The waiting is the hardest part
Every day you see one more card
You take it on faith, you take it to the heart
The waiting is the hardest part

As we celebrate Advent, what we often forget is the time period in-between the Hebrew Scriptures and the coming of Messiah was 400 years. This is called the intertestamental period (“in-between the testaments”) where prophetic words from God ceased, leading some to call it, “the silent years”. It has as its beginning Israel in bondage to Persia leading to release, occupation of the land by the Greeks and then the Romans. Four hundred years of waiting in silence from Yahweh.

One of the more interesting facts about this period is this is when the Pharisees added oral tradition to their written Scriptures (called the Talmud). This should serve to remind us that silence has the ability to create a deep religious insecurity where one leans on the rules (or makes up rules) to bring clarity to one’s religious devotion. So what does it mean to love God and neighbor? If God won’t spell it out, we will.

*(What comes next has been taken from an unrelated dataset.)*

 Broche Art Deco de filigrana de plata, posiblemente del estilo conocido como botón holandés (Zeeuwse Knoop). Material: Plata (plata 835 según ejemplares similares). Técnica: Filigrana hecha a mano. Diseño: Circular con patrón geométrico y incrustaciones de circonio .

When we observe Advent it’s important that we shed the niceties and overly romantic notions of Christmas. We put ourselves in the shoes of those Jews who were waiting for Messiah to come even when God had been silent. God’s speaking then into human history with the advent of the living Word was abrupt. It was sudden and unexpected yet gently sublime.

With Christ’s first advent (“arrival” or “coming”), we declare like Simeon in the Jerusalem temple:

Sovereign Lord, as you have promised,
    you may now dismiss your servant in peace.
For my eyes have seen your salvation,
   which you have prepared in the sight of all nations:
a light for revelation to the Gentiles,
    and the glory of your people Israel. (Luke 2:29-32)

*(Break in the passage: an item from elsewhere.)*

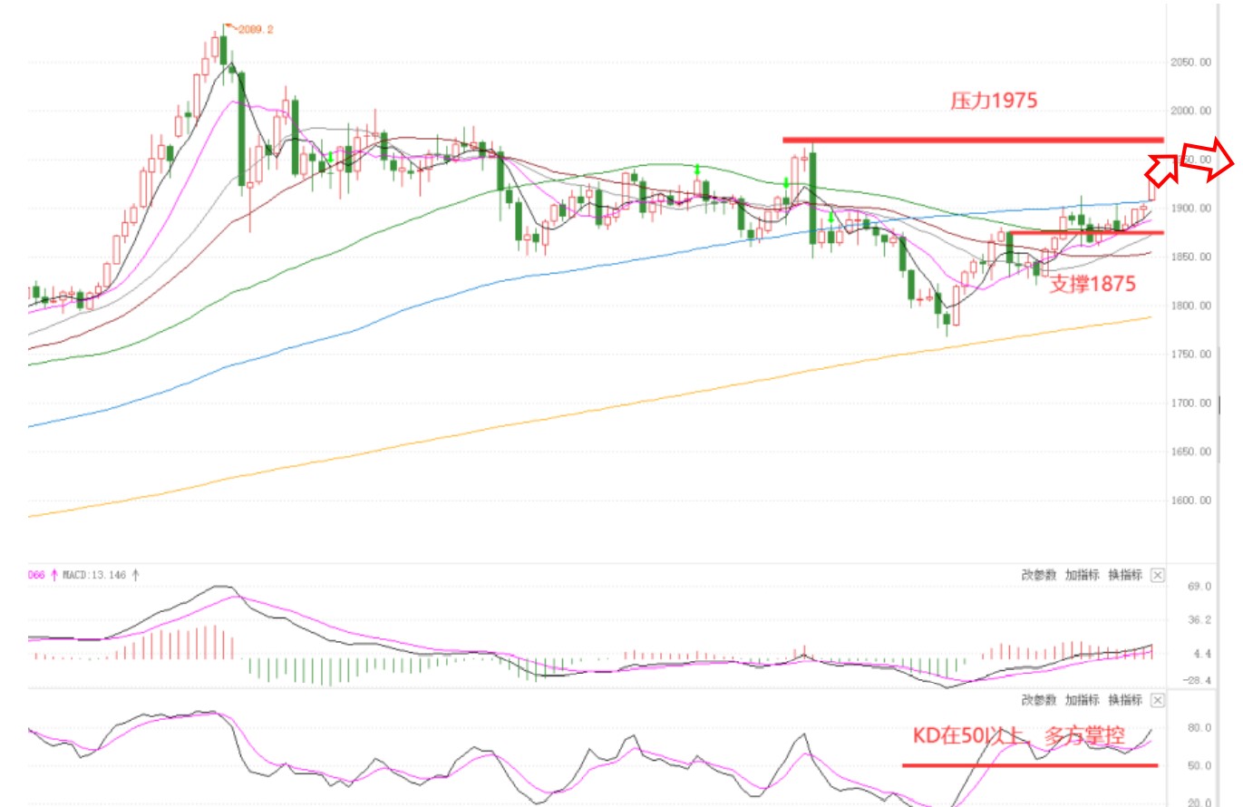 技术面,均线呈现多头态势,下方可关注1日均线支撑。KD在50以上,为多方掌控。

The idea of Advent prior to Christmas is to prepare our hearts in waiting… waiting for Messiah to come. While we all know how the story turns out in Bethlehem we don’t want to get to the birth too fast! We want to share in what Simeon must have felt to see God’s salvation after years of silence! Likewise, we enter into the silence of the story again and again, saying in our hearts, ‘Lord, will you rescue your people?” While waiting for anything feels like torture, its full effects are intended to confront our safety, self-sufficiency, and our false expectations about God and life.

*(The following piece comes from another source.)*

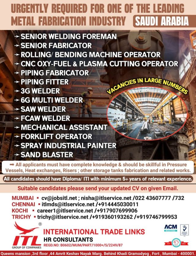 Hiring for Saudi arabia - Metal Fabrication Industry

In 1966, Japanese author, Shusako Endo wrote Silence, probably his personal best bringing to life the evangelization of feudal Japan by Portuguese Catholics. One theme of the book is the silence of God contrasted with the brutal persecution of small hidden cloisters of Christians as the country unified under one national leader rather than hundreds of competing feudal lords. Mako Fujimura writes,

[Endo’s] books unveil a vital link between trauma, hiddenness, and beauty of faith in the ambiguity and relativism – two features of postmodernism and Japanese culture. 1

In the end, when is it that God speaks loudly in His majesty and glory? It is in the silence of Advent as we await our Savior who arrived in a way that no one really noticed or went looking for. He didn’t come in grandeur and power. Nor did He come in divine wrath. He came in relative obscurity, a “silent” night, marked by the beauty, grace and simplicity of a Savior born for us. He shouts to us in the silence we experience because He was born to suffer and die so that in what seems like silence we would always know He is with us, Immanuel.

The Advent season is a season of waiting, but our whole life is an Advent season, that is, a season of waiting for the last Advent, for the time when there will be a new heaven and a new earth. (Dietrich Bonhoeffer, God Is In The Manger).

1 Makoto Fujimura, Silence and Beauty, p.78-79.